In the early 1990’s he moved to Tesuque, New Mexico, (near Santa Fe) where he designed and built his own innovative solar adobe home in a family compound. In addition to his private architectural practice, he worked with Habitat for Humanity designing a house for them that won a national award. During two years as the Director of Earthworks Institute, he led a project in Fiji involving low-cost structures using local and native materials. Alfred also designed and helped build (along with Matts Myhrman, Judy Knox and many others) a strawbale house for Mary Lowe, an 84-year-old great grandmother on the Zuni Pueblo.
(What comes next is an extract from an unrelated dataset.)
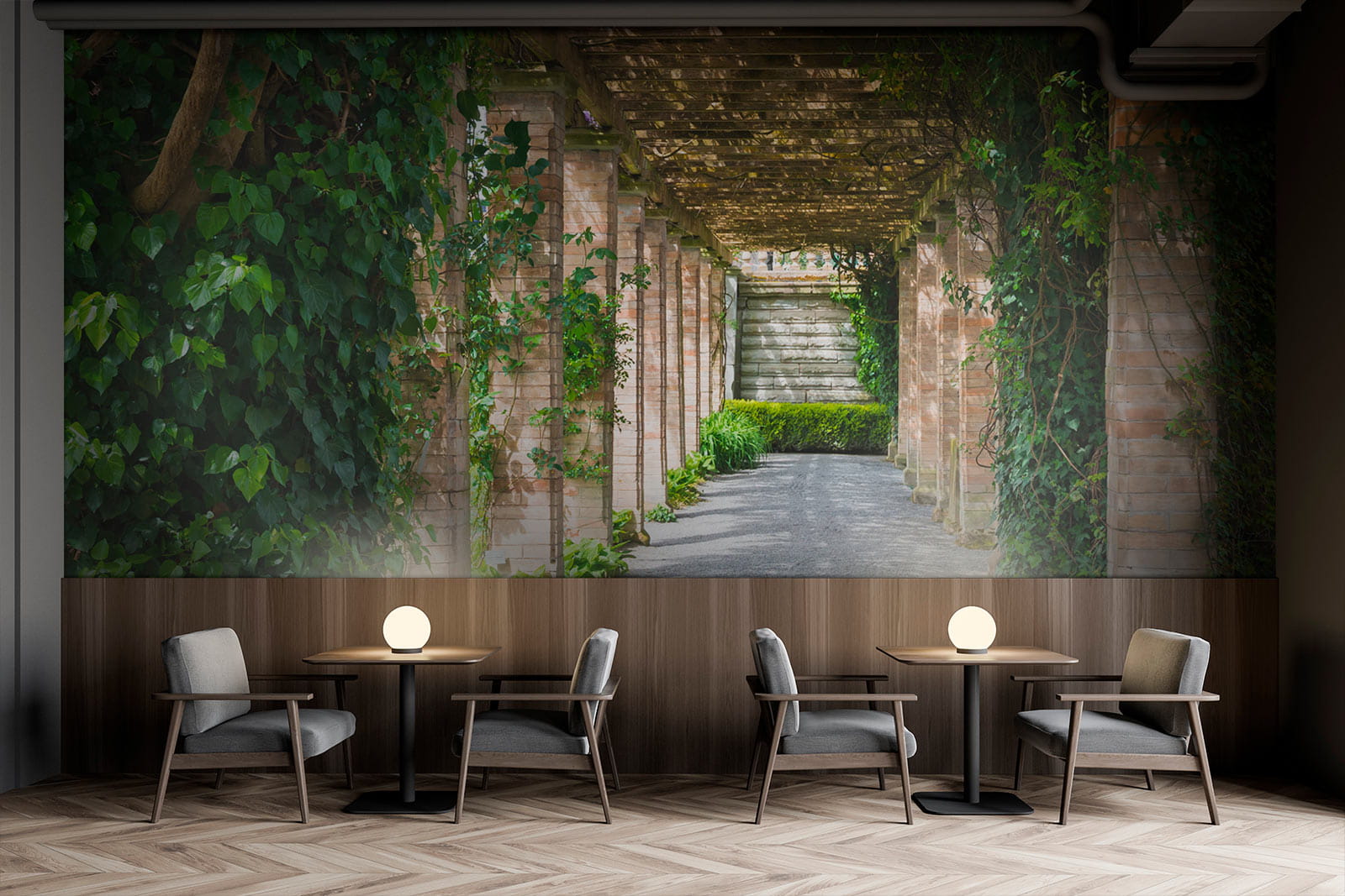 Czy kiedykolwiek marzyłeś o sekretnym ogrodzie w swoim salonie? Ta fototapeta “Rząd filarów porośniętych winoroślą” jest jak wejście do spokojnej botanicznej przystani. Wyobraź sobie, że relaksujesz się na kanapie i czujesz się, jakbyś wędrował po tej liściastej ścieżce, której filary otulone są bujną zielenią. Fototapeta jest idealna do dodania głębi i odrobiny natury do każdej przestrzeni – twoje pomieszczenie natychmiast stanie się bardziej przestronne.

Alfred was one of about 20 strawbale advocates (including Steve MacDonald, Joe Kennedy, Derek Roff and myself) who met at the Black Range Lodge in 1999 to discuss how we might use strawbale building knowledge to help during the war in Kosovo. We saw people being made homeless by bombs, and winter was coming. By the end of the day we founded Builders Without Borders, which was conceived as a network of ecological builders and other volunteers dedicated to teaching and promoting natural building as a solution to affordable, comfortable housing.
Through BWB, Alfred was integral in designing and building a strawbale Hogan with the National Indian Youth Leadership Project (NIYLP) near Laguna Pueblo, an eco compound for Catholic sisters in Chaparral, NM, and a strawbale house for a family whose house had burned down in Anapra, Mexico, a sprawl of pallet houses without city infrastructure, across the border from relatively prosperous El Paso, Texas.
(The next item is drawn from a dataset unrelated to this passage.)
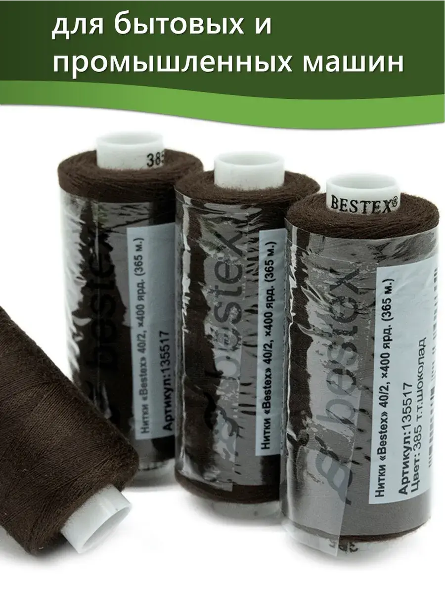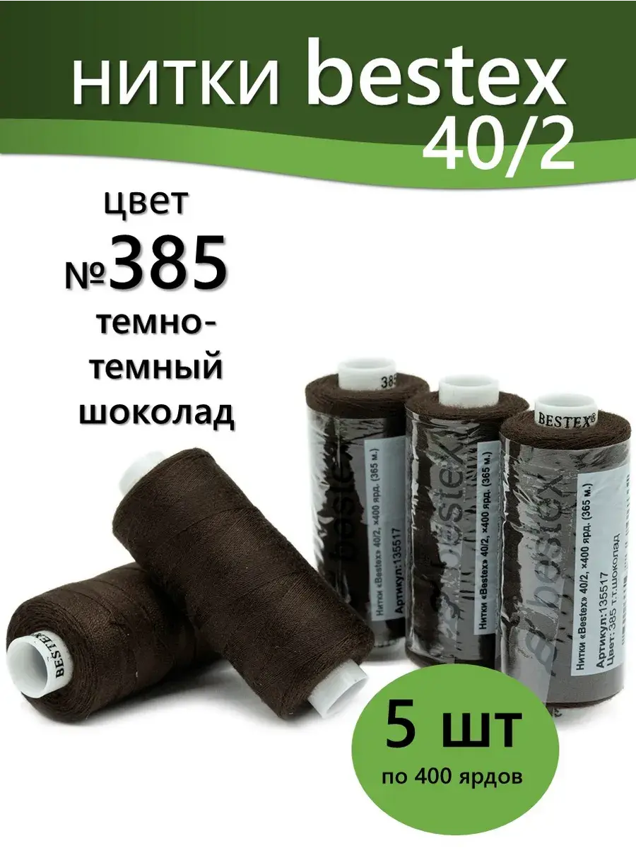 Набор ниток Bestex №40/2 – прекрасный вариант для шитья, ремонта текстильных изделий, рукоделия. Подойдут для бытовых и промышленных швейных машин. Изготовлены из 100 % полиэстера, прочные на разрыв и слегка эластичные, равномерные по толщине, имеют правостороннюю крутку. Обработаны силиконом на 3%, поэтому меньше разрываются при работе на высоких скоростях. Не истончаются и не теряют цвет после многократных стирок и от воздействия ультрафиолетовых лучей. Усадка минимальна, ворс и узелки почти не выражены. Нитки №40/2 подходят для работы с легкими тканями и тканями среднего веса. Назначение: – ремонт текстильных изделий, штопка вещей из трикотажа; – обработка срезов; – шитье вручную и на швейной машине. Линейная плотность: 14,8 x 2 текс. Разрывная нагрузка: 1050 сН. Рекомендуемый размер иглы: №80-90. В упаковке 5 бобин в намотке 400 ярдов.

The Anapra project evolved into a long-term relationship with the community, during which he founded World Hands Project to continue the work, forging a partnership with a local priest and developing relationships with local builders. Alfred listened more than talked, and developed designs that worked with locally-available building materials and skills. He located a nearby source of free clay to replace cement (which was unaffordable), and shifted from strawbale buildings to straw-clay infill inside pallet walls covered with pallet roofs, which were easier for local builders. He continued working in Anapra, an unincorporated suburb of Juarez, until the border drug wars made him feel that it was too potentially dangerous to bring his small team of volunteers into the region.
During the last decade he worked closer to home, consulting with the Picaris Pueblo on a greenhouse design, and helping with the nearby Tesuque Pueblo to design and build a strawbale Seed Bank, and develop their proposed Community Plan of 2013. He also helped restore an old adobe building into the Esperanza Shelter, a wonderful, warm space for kids from battered families. Alfred’s community service included many years as the Mayordomo of the Acequia (the neighborhood irrigation system) in Tesuque.
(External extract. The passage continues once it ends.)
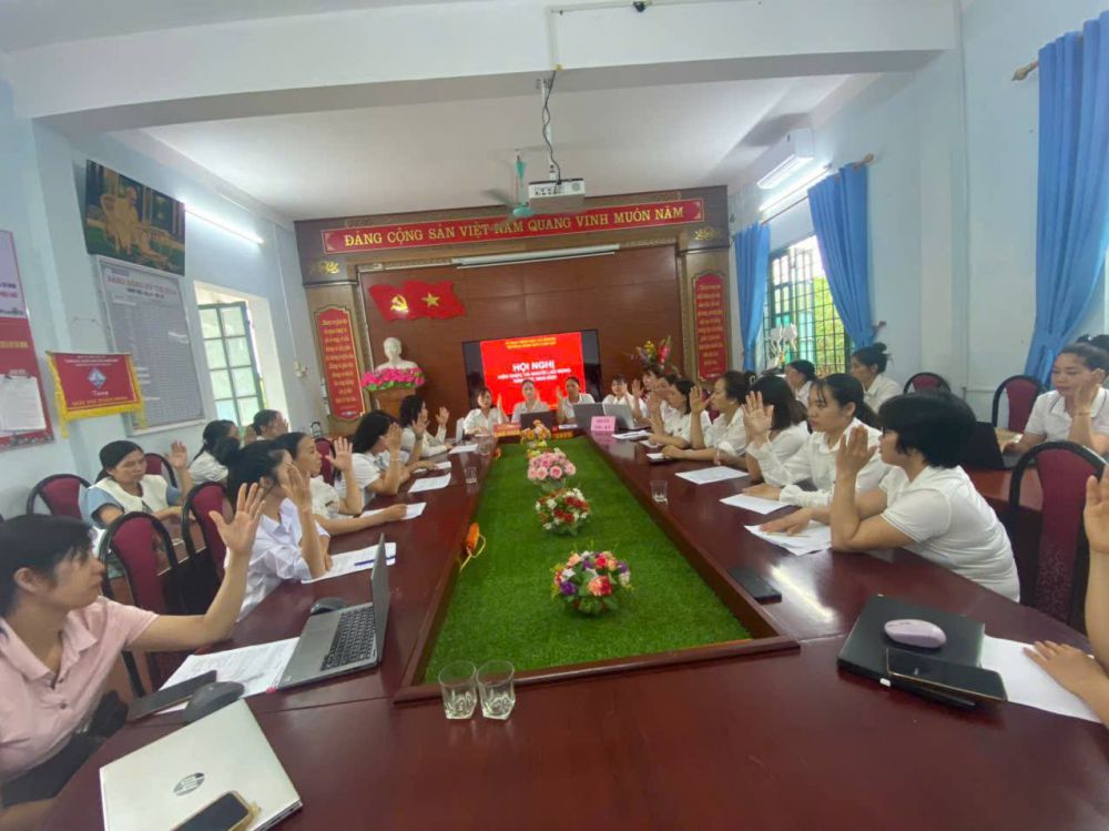 Tại hội nghị, các đc CBQL, GV, NV đã được nghe và thảo luận các báo cáo tổng kết trong năm học 2024–2025, trong đó nêu bật những kết quả nổi bật về công tác chăm sóc, giáo dục trẻ, nâng cao chất lượng nuôi dạy, cũng như những khó khăn, tồn tại cần khắc phục. Hội nghị cũng đã thông qua các quy chế quan trọng gồm: Quy chế dân chủ cơ sở, Quy chế chi tiêu nội bộ, Quy chế thi đua…Đây là cơ sở để tập thể cán bộ, giáo viên, nhân viên thực hiện hiệu quả các nhiệm vụ, đảm bảo sự công khai, minh bạch và đoàn kết trong toàn trường.

Alfred was also a superb athlete: A triathlete, a swimmer and a kayaker, he ran most of the big rivers in the West (doing the Colorado River through the Grand Canyon six times). He went as far as the Northwest Territories in Canada to run the Nahanni River. He won the Fourth Annual Kinetic Sculpture Challenge race in Boulder in May 1983, setting a course record.
Alfred was a creative tinkerer and a hard-working practical person. He loved people and nature, grew a bountiful garden, lived an active and joyful life, and had many friends. He will be remembered.